At two and a half hours long (which includes an end credit sting) this is the longest Matrix film since the first, but feels shorter than both Reloaded and Revolutions thanks to its scaled back philosophy lessons. The first hour flashes past in the blink of an eye, a nostalgic retread of familiar beats, worked in with some post modern self-referential whit, which seduces fans into a nest of comfort. Just after the hour mark the pacing wobbles, stutters, and becomes stagnant for just an instant too long; a catch-up on the world outside of the construct induces flashbacks to the not-so-great sequels, but thankfully before falling too far down this rabbit-hole, the film corrects itself. Focus once more returns to the virtual world and things get exciting once more. Not quite “guns, lot’s of guns” bullet-time levels of ecstasy, but plenty to please action lovers.
The only thing that can hurt the success of The Matrix Resurrections is the state of world into which it has been released. With cases of Covid-19 rising thanks to a new variant, the viability of cinemas to remain open in the immediate future remains uncertain. A closure of movie theatres would undoubtedly hurt the box office, which in turn would be disastrous for any potential new trilogy.
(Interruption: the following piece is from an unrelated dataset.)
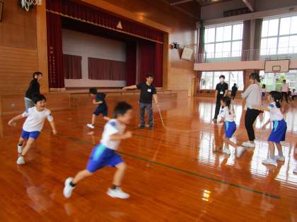 体育科での大縄跳び練習の様子です。リズムよく跳べるようになってきました。楽しそうです。
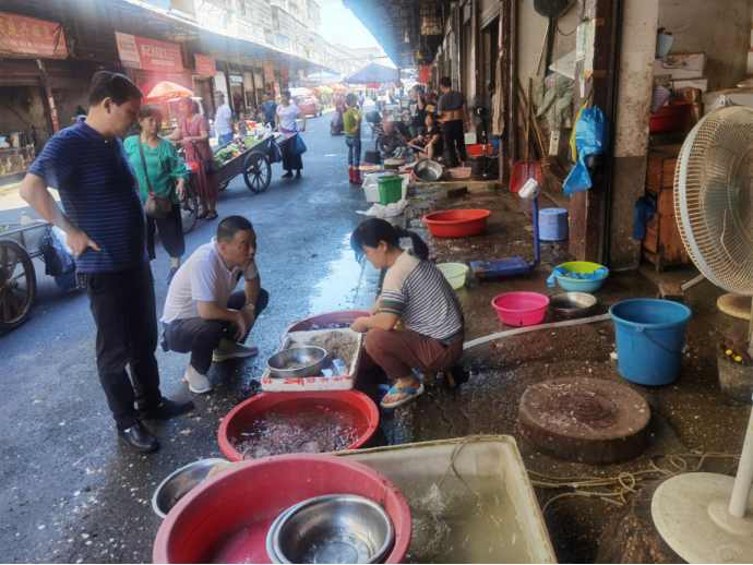 (图为该局局长唐清云检查水产品摊位) 自长江流域禁捕退捕工作开展以来,沅江市市场监管局坚决贯彻落实上级决策部署,严格执行国家市场监管总局“五个禁止”规定,切实开展省局“五大专项行动”,严厉打击市场销售外湖流域非法捕捞渔获物的违法行为,坚决斩断终端销售产业链。 细化监管 答好面广点多难题 沅江江南集贸市场周边以及广通大酒店后“夜宵一条街”历来就存在经营户数量多、治理难度大的问题,为保证不打折扣的完成任务,该局执法人员邱立兵一组四个人从早到晚扎根在责任区域,挨家挨户进行检查,并宣传禁捕退禁工作。三十多度的高温,一天下来,邱立兵等人的衣服都可以拧出水来,但是门店外一块块被清理的招牌,门店内一份份整改的菜单和经营户们一张张满意的笑脸,无疑是对他们工作最大的认可,这也是对所有奔波在一线的执法人员付出的肯定。 今年是“十年禁捕”的第一年,沅江市市场监管局做好充分准备,分清重点、分析难点、严控风险点。通过采取“全局动员、全员出动、各负其责、狠抓落实”等网格化措施,层层压紧压实工作责任,落实落细各项工作任务,确保不留死角。截至目前,该局已对全市4494家餐饮单位、15家鱼类加工企业、47家水产品生鲜超市、18个集贸市场、104家渔具店全部摸排、上门督导到位。

With The Matrix Resurrections Lana Wachowski bucks the trend of so many reboots by crafting something that is heartfelt, tender, and feels like a true continuation of its source. Homage and respect is paid to what has come before, but in such a way that it doesn’t feel like endless fan service has just been shoehorned in to appease the rabid fanboys. In fact, the die-hard fanboys may take issue at the changes in characters and action, but those that understood the essence at the heart of the original trio of films will fall head over heels once more.
Watching the return of this series to the big screen, which I only had a passing interest in thanks to reboot burnout, was like reuniting with a long-lost friend. There’s a level of comfort and familiarity, alongside presentation of enough new content to keep things interesting. A return to the magic of the original, played out in different ways, The Matrix Resurrections gave me full body goosebumps on more than one occasion, and I can’t wait to return for another watch.
The Matrix Resurrections is in cinemas across the UK now.